Episode 3: Inefficient Picking
When you’re performing a piece that requires you play over 500 notes per minute, efficient picking becomes pretty important. Every millimeter counts when every successive 16th note requires the skipping of strings. Every aspect of physically moving the pick matters. For years, I didn’t understand this.
Here is the video to accompany this episode of Failure to Fracture.
What is Failure to Fracture?
Failure to Fracture is a video series I’ve put together about all the things that have stood in the way of my successfully playing the song Fracture by King Crimson despite years and years of study, practice, writing, and making videos.
- Episode 0: Introduction (includes notation/tablature)
- Episode 1: Stress and Tension
- Episode 2: Picking Picks
- Episode 3: Inefficient Picking
- Episode 4: Overzealous Precision
- Episode 5: Alex Anthony Faide Interview
Inefficient Picking Problems
As a self-taught guitarist, I never received formal instruction on how to hold the pick or move the pick through a string. Furthermore, there weren’t many resources on how to best use the body to do so. I would watch instructional videos (on VHS! pre-YouTube), read magazine articles, figure stuff out by ear, and watch live performers to get a sense of what to do.
When I attended the Guitar Circle introductory course, one of the instructors there–an expert player named Leo Requejo –asked me to play eighth notes on an open string. I did by picking as I’d taught myself. Then he asked me to pick with the smallest motion possible. I did. Then he showed me how minimally he could move the pick and strike a note. He asked me to do the same. I couldn’t.

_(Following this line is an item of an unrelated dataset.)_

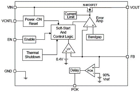 AX6610-6615系列ULDO產品設計皆采用雙電源之架構來設計,電源VIN為輸出轉換的來源,電源VCNTL為內部電路所用電源。再搭配使用N-MOSFET作為驅動器。AX6610-6615的參考電位設計在0.8伏特,因此最低的可輸出電壓可達0.8伏特。其輸出電壓軟啟動時間僅有1毫秒,可大幅降低開機時的電流浪涌。輸入電壓VIN、VCNTL皆具有過低電壓監測功能,當輸入電壓過低時會停止輸出,可避免本身IC端與后方系統端的功能誤動作。此外,為了確保后端系統所得到的電壓正確無誤,本產品具有Power-OK引腳,用以提供后端系統告警之用。本身IC內部具備一90歐的放電電阻,在輸出關閉時會啟用,具有自我快速放電功能。過電流保護電路,會在電流超過安全范圍時予以限制。若當輸出處于短路狀態時,還將啟動輸出周期性開啟機制,不讓輸出電流持續處于高壓差且限制電流值的狀態(因為此時之發熱功率為最大)直到短路狀態被解除。在持續重載或大跨壓下,熱量會持續累積,溫度會上升,當到達最高溫度容許值時,會啟動過溫保護功能,此時會關閉輸出,以避免IC燒毀,直到溫度恢復到回復點,此時輸出將會被重啟。此外在線性穩定度、負載穩定度與電源抑制比等指標上(PSRR),AX6610-6615亦有相當優異的表現。

Leo helped me realize that I had never truly connected my attention with my picking. Picking, to me, was a means to an end. You move the pick, you play the note. The faster, the better. That is, until I worked directly with Leo.
Leo also helped me to remember my old physics coursework from college. A carousel moves faster and farther on the edge than it does in the center. If my elbow is the center of the carousel, it would be impossible to precisely move the pick one or two millimeters beyond each side of the string in successive, predictable motion. Making my wrist the center of the carousel made it much easier for me to manipulate the pick to move very small distances.
When picking through the moto perpetuo in Fracture, I know I am exhibiting control when my hand seamlessly moves from string to string via the elbow and my wrist moves the pick through the strings. I know I am losing control when I see the pick bouncing too far between the strings. That is an indication that I’m picking with my elbow instead of changing strings with my elbow.
If you watch the video, you’ll see exactly what I mean. Fracture falls apart for the player very quickly and easily. It is difficult to recover. The pace is so quick and the picking so difficult. As a player, I can only hope that I’ve moved the pick beyond a string a little too far. That’s the easiest mistake from which can recover.
When I bring my attention into my hand and wrist and elbow, particularly when I look down at my hand with my eyes, I can see the manifestation of my attention. It’s deep, bro.